The Rule of 72: If you're aiming to to turn Rs 50,00,000 into Rs 1,00,00,000—or even Rs 2,00,00,000—understanding the Rule of 72 is a game changer. This simple yet powerful formula helps you estimate how long your investment will take to double, whether you are looking forward to invest in mutual funds, fixed deposits or in stock market. With rising inflation and changing returns, it’s crucial to make informed decisions. Here’s how this time-tested rule makes financial planning clearer, smarter and more strategic for Indian investors.
1/10If you’ve ever wondered how long it’ll take for your investment to double, the Rule of 72 has the answer. Just divide 72 by your expected rate of return, and you’ll get a quick estimate. It’s that easy — and surprisingly accurate for steady returns.
2/10Here’s how it works: Time (in years) = 72 ÷ Annual Return Rate For example, if your returns are 8% per year, your money doubles in around 9 years. No calculators or fancy formulas needed.

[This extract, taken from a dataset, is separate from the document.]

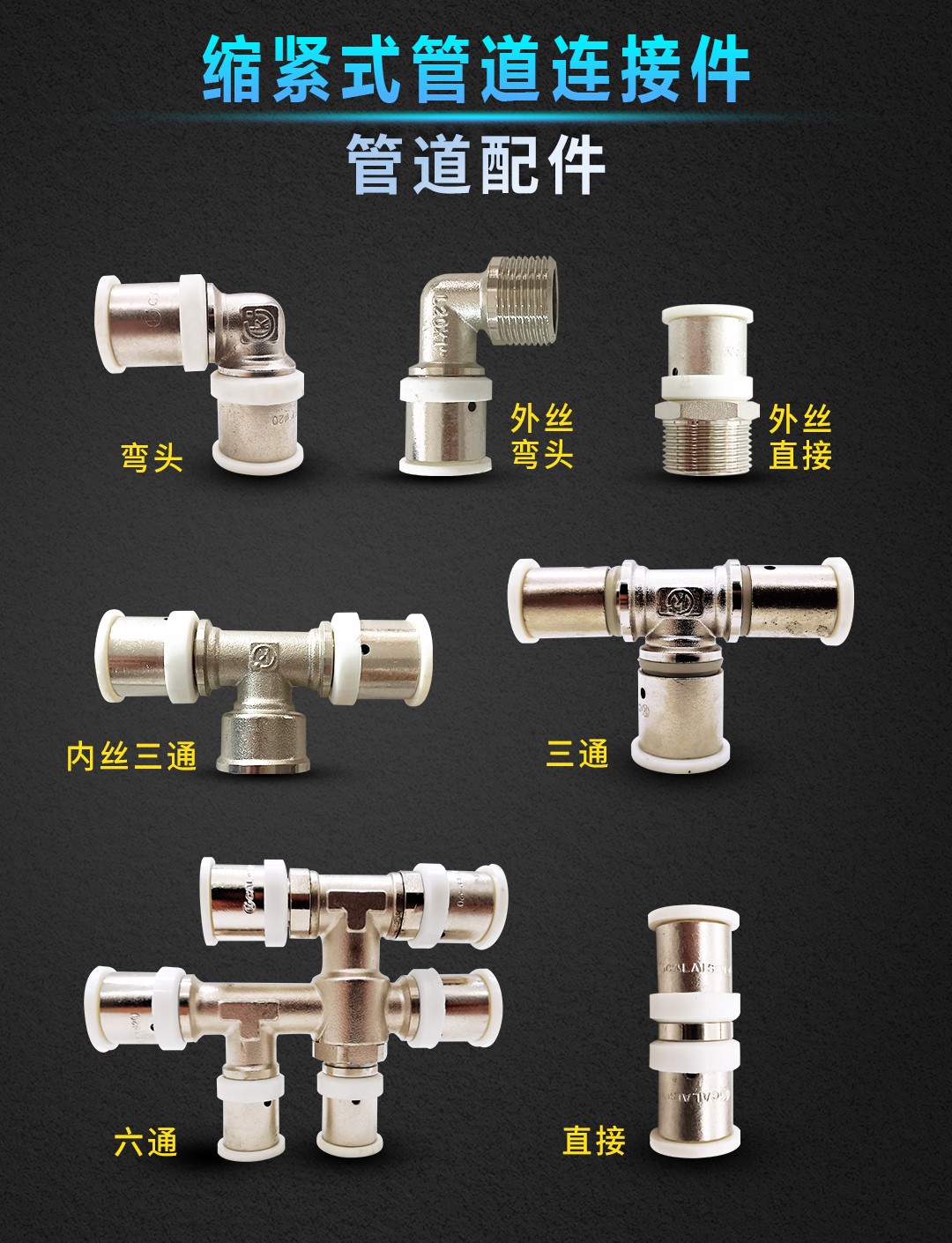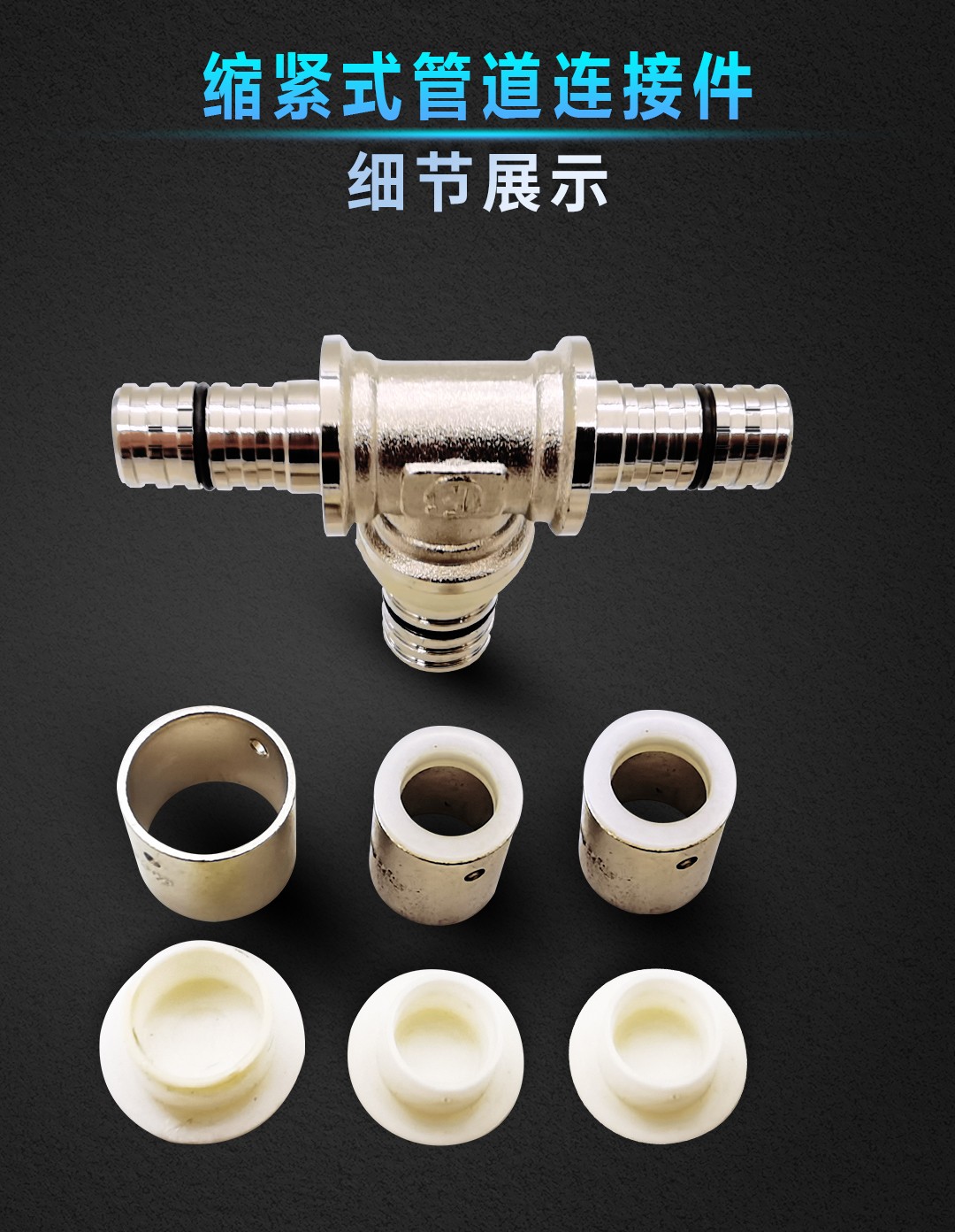 康威斯曼缩紧式管道连接件~外丝直接:有效密封不滴漏,更适于暗埋,安全性更高; O型软密封圈,耐老化,密封效果好,凹槽硬密封; 采用紫铜,表面镀镍,使用更美观,寿命更长。
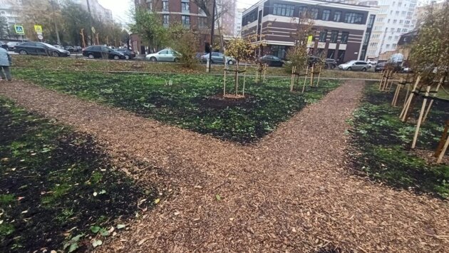 Еще одной особенностью данного сквера являются пешеходные дорожки, сделанные из щепы: сквозь нее будет уходить вода, которая стекает со склона в низину, где расположен сквер.

3/10At 12% return rate your Rs 50,00,000 investment will take 6 years to become Rs 1,00,00,000 At 8% return rate your Rs 50,00,000 investment will take 9 years to become Rs 1,00,00,000 At 6% return rate your Rs 50,00,000 investment will take 12 years to become Rs 1,00,00,000
4/10Again the same concept:
At 12% return rate your Rs 1,00,00,000 investment will take 6 years to become Rs 2,00,00,000 At 8% return rate your Rs 1,00,00,000 investment will take 9 years to become Rs 2,00,00,000 At 6% return rate your Rs 1,00,00,000 investment will take 12 years to become Rs 2,00,00,000
5/10It saves time and simplifies decision-making. You can quickly compare different investment options, plan better, and stay on track. Especially useful when you're juggling between FDs, equity, or SIPs.
6/10The Rule of 72 isn’t just for growth — it also shows how inflation eats into your savings. If inflation is 6%, your money’s value will halve in 12 years. Knowing this helps you plan smarter.
7/10It’s ideal for:
Mutual funds with consistent returns Fixed deposits or guaranteed-return schemes Long-term investment planningIt gives a good estimate when returns stay somewhere between 6% and 10%.
8/10Like any shortcut, it has its limits. It’s less accurate for very high or very low return rates, or investments that are volatile. So use it as a guide, not gospel.
9/10From beginners to seasoned investors, everyone uses this rule to track goals, compare plans, and explain concepts. It’s especially handy when you want to avoid guesswork.
10/10Whether you’re aiming for Rs 1 crore or Rs 2 crore, or just trying to beat inflation, this rule gives you a clear sense of direction. It helps you plan better, grow smarter, and make the most of your hard-earned money.